Untuk menghilangkan jejak suara kejayaan di masa itu, VOC menjadikan Fort Roterdam sebagai pusat kotanya, dan membiarkan Somba Opu menjadi kota mati. Ia lupa bahwa Fort Roterdam (baca: Jung Pandang) tetaplah menjadi lambang keramahan kerajaan Makassar. Segala aturan direkontruksi, Makassar yang awalnya menjadi rumah bagi semua bangsa, oleh VOC dijadikan ekslusif untuknya. Saat di timur sedang mengalami kegelapan, di abad 19 Eropa berhasil membangun daerahnya. Para pemilik modal kelebihan uang, sehingga tidak tahu bagaimana memakannya lagi. Olehnya, para pemodal melobi pemerintah, yang akhirnya menerbitkan Aturan Pemerintah Belanda dalam Staatsblad van Nederlandsch Indie 1870-118 menyangkut undang-undang agraria (Agrarisch Besluit) yang mungkinkan para pemodal menguasai tanah di daerah koloni. Jadilah laut dikuasai, tanah dibeli. Penduduk Makassar terasing dari dirinya sendiri.Â
Tidak hanya itu, seluruh aturan tentang pemerintahan yang menjadi jejak masa lampau dirombak, sedemikian rupa. Nama memang sangat ampuh untuk dimainkan, menghapus nama, sama dengan menghapus sejarahnya. Undang-undang desentralisasi tahun 1903 diberlakukan, muncullah 56 daerah otonom di Provinsi Sulawesi hingga tahun 1948 saat itu di bawah pemerintahan NIT. Pengaturan wajah kota dipoles sedemikian rupa untuk mengkapling jejak globalisasi modern yang ditinggal oleh bangsa Eropa. Balaikota sekarang adalah saksi pemerintahan HB sementara Fort Roterdam (sekali lagi baca Jung Pandang) dan Somba Opu masih ramah menyapa para tetamu untuk sekedar wisata rekreasi sejarah melihat kejayaan dan kesedihan dalam wajah kota lama.
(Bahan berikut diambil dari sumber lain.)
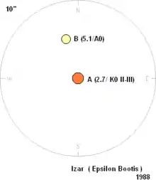 Epsilon Boötis (ε Boötis, abbreviated Epsilon Boo, ε Boo), officially named Izar /ˈaɪzɑːr/,[16] is a binary star in the northern constellation of Boötes. The star system can be viewed with the unaided eye at night, but resolving the pair with a small telescope is challenging; an aperture of 76 mm (3.0 in) or greater is required.[17]

lalu disinilah saya ingin menggaris bawahi, sejarah mana yang dikaburkan oleh Pemerintah sekarang? seperti yang dikatakan oleh Dias Pradadimara, jika hanya sekedar ingin menilik lokalitas di masa lalu? Bahwa hukum atau aturan memang berganti, tapi sejarah peradaaban adalah sebuah kontuinitas yang terus berlangsung. Kehadiran Kerajaan Makassar tetaplah menjadi sejarah untuknya, telah ditulis dalam lontara dan menjadi tradisi lisan dalam sepenggal lagu Anging Mammiri, bukan penggalan modernitas globalisasi yang disulap oleh zaman baru, lalu membibir pada kematian kota lama.
selamat menyambut ulang tahun kota Makassar 409, 9 November 1607-2016. Semoga sinergitas selalu terjalin di dalamnya. Habiskan tehmu guys, dan mari mendendangkan sinrili’.
(Tulisan ini saya tulis dengan menggunakan referensi jurnal-jurnal Dipesh Chakrabarty)
Perpustakaan UI, menjelang Magrib 17.59 WIB.